How to make your neural network Python
Build your own Python Neural Network w/ an example: Learn how to build, train and use a neural network to solve a real-world problem.
Building a Neural Network from Scratch with Python
In this article, we will be discussing how to create a neural network from scratch using Python. We will be using the NumPy
library for its mathematical functions and matplotlib
for its visualization capabilities. We will be using this neural network to solve a basic classification problem.
In order to create a neural network, we need to first define the architecture of our network. We will be creating a simple feed-forward neural network with one hidden layer. This hidden layer will contain three neurons and the output layer will contain one neuron. The following diagram illustrates this architecture:
Now that we have defined the architecture of our network, we need to create a data set to train it. We will be using the Iris dataset for this example. The Iris dataset consists of 150 examples, each containing 4 features (sepal length, sepal width, petal length, petal width) and a label (Iris setosa, Iris virginica, Iris versicolor). The following code snippet reads the Iris dataset and separates it into training and test sets:
# import necessary libraries
import numpy as np
import matplotlib.pyplot as plt
# read the Iris dataset
data = np.genfromtxt("iris.csv", delimiter=",")
# separate features and labels
X = data[:, :4]
y = data[:, 4]
# separate training and test sets
X_train = X[::2]
y_train = y[::2]
X_test = X[1::2]
y_test = y[1::2]
Now that we have our dataset, we need to define some parameters for our neural network. We will use the following parameters for this example: the learning rate, the number of epochs, and the number of neurons in the hidden layer. The following code snippet defines these parameters:
# define parameters
learning_rate = 0.1
num_epochs = 1000
num_neurons = 3
Now that we have defined our parameters, we can start building our neural network. We will be using the sigmoid
activation function for our neurons. The sigmoid
activation function is a logistic function that takes a real-valued input and outputs a value between 0 and 1. The following code snippet defines this function:
# define sigmoid activation function
def sigmoid(x):
return 1.0 / (1.0 + np.exp(-x))
Now that we have defined our activation function, we need to create our weights and biases. We will be using random values for our weights and biases. The following code snippet creates these weights and biases:
# create weights and biases
w1 = np.random.uniform(low=-1.0, high=1.0, size=(4, num_neurons))
b1 = np.random.uniform(low=-1.0, high=1.0, size=(num_neurons))
w2 = np.random.uniform(low=-1.0, high=1.0, size=(num_neurons, 1))
b2 = np.random.uniform(low=-1.0, high=1.0, size=(1))

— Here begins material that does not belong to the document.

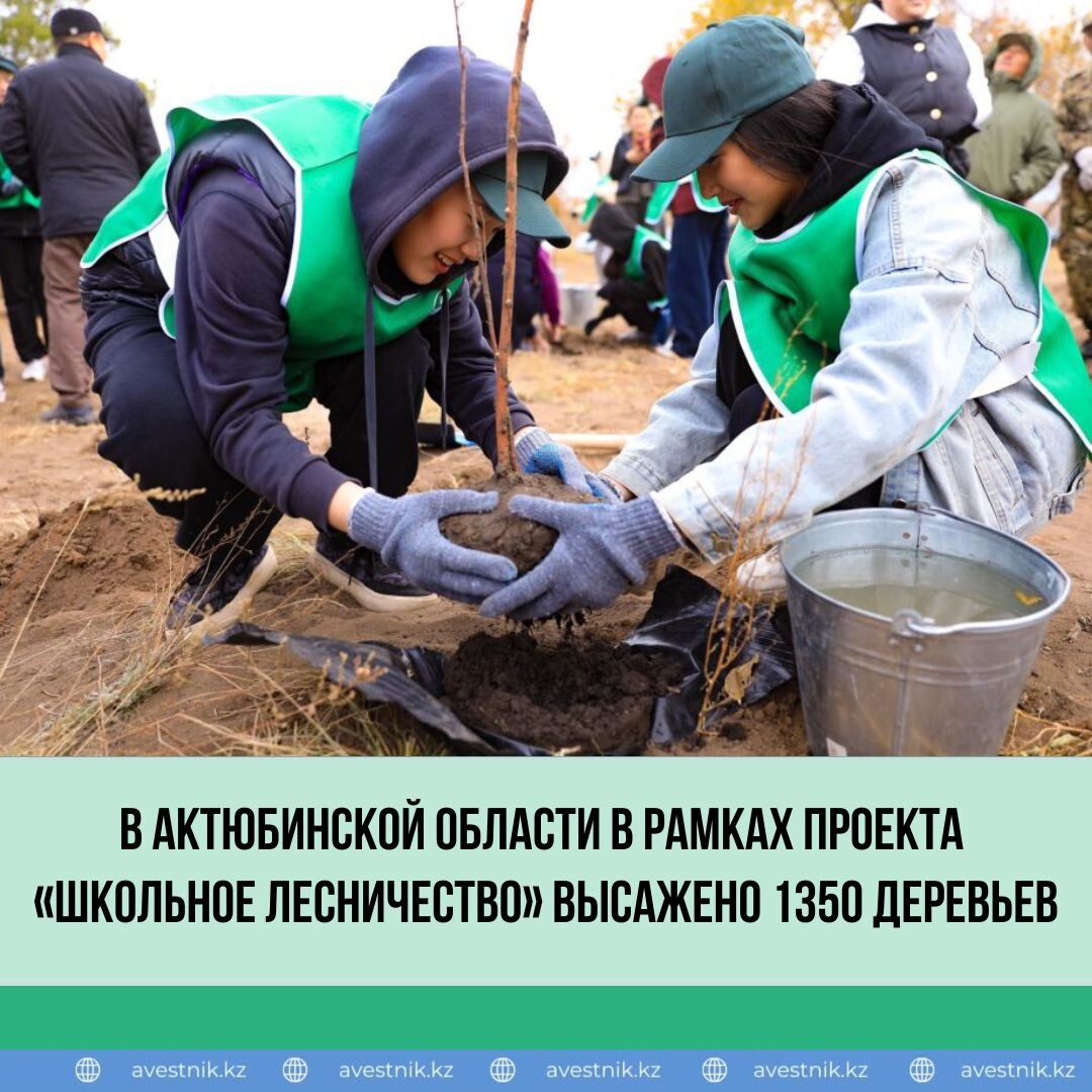 🌿 Проект, созвучный инициативе Президента страны, впервые стартовал в апреле текущего года именно в Актюбинской области и продолжает реализовываться в осенний период. Его цель – профориентация школьников в сфере лесного хозяйства и природопользования, формирование экологической культуры и развитие бережного отношения к родному краю. 🌳 Сегодня на территории лесных хозяйств области в рамках проекта «Школьное лесничество» было высажено 1350 деревьев. Аким области Асхат Шахаров вместе с учениками из Актобе принял активное участие в акции и лично посадил саженцы. 🗣️ «Проект „Школьное лесничество“ — важное мероприятие, проводимое в рамках республиканской экологической акции „Таза Қазақстан“, инициированной Президентом страны Касым-Жомартом Кемелевичем. С апреля этого года в проекте приняли участие более 400 школьников из города Актобе и ряда районов области, ими было высажено 850 деревьев. Сегодня мы уже видим результаты их труда — подросшие, распустившие листья деревья. Этот проект н

Now that we have our weights and biases, we can start training our neural network. The following code snippet implements the training algorithm for our neural network:
# train the neural network
for epoch in range(num_epochs):
# forward pass
z1 = np.dot(X_train, w1) + b1
a1 = sigmoid(z1)
z2 = np.dot(a1, w2) + b2
a2 = sigmoid(z2)
# compute loss
loss = np.mean((y_train - a2)**2)
# backpropagation
dz2 = a2 - y_train
dw2 = np.dot(a1.T, dz2)
db2 = np.sum(dz2, axis=0)
dz1 = np.dot(dz2, w2.T) * sigmoid(z1) * (1 - sigmoid(z1))
dw1 = np.dot(X_train.T, dz1)
db1 = np.sum(dz1, axis=0)
# update weights and biases
w2 -= learning_rate * dw2
b2 -= learning_rate * db2
w1 -= learning_rate * dw1
b1 -= learning_rate * db1
Now that our neural network is trained, we can test it on the Iris test set. The following code snippet implements this:
# test the neural network
z1 = np.dot(X_test, w1) + b1
a1 = sigmoid(z1)
z2 = np.dot(a1, w2) + b2
a2 = sigmoid(z2)
print("Predictions:", np.round(a2))
print("Actual labels:", y_test)
We can also visualize the predictions of our neural network with a confusion matrix. The following code snippet creates this confusion matrix:
# create confusion matrix
cm = np.zeros((3, 3), dtype=int)
for i in range(a2.shape[0]):
cm[int(y_test[i]), int(np.round(a2[i]))] += 1
print("Confusion Matrix:")
print(cm)
We have now successfully created a neural network from scratch in Python. We have used the Iris dataset to train and test our model, and we have visualized the predictions of our model with a confusion matrix. This example illustrates the power of neural networks and how they can be used to solve complex problems.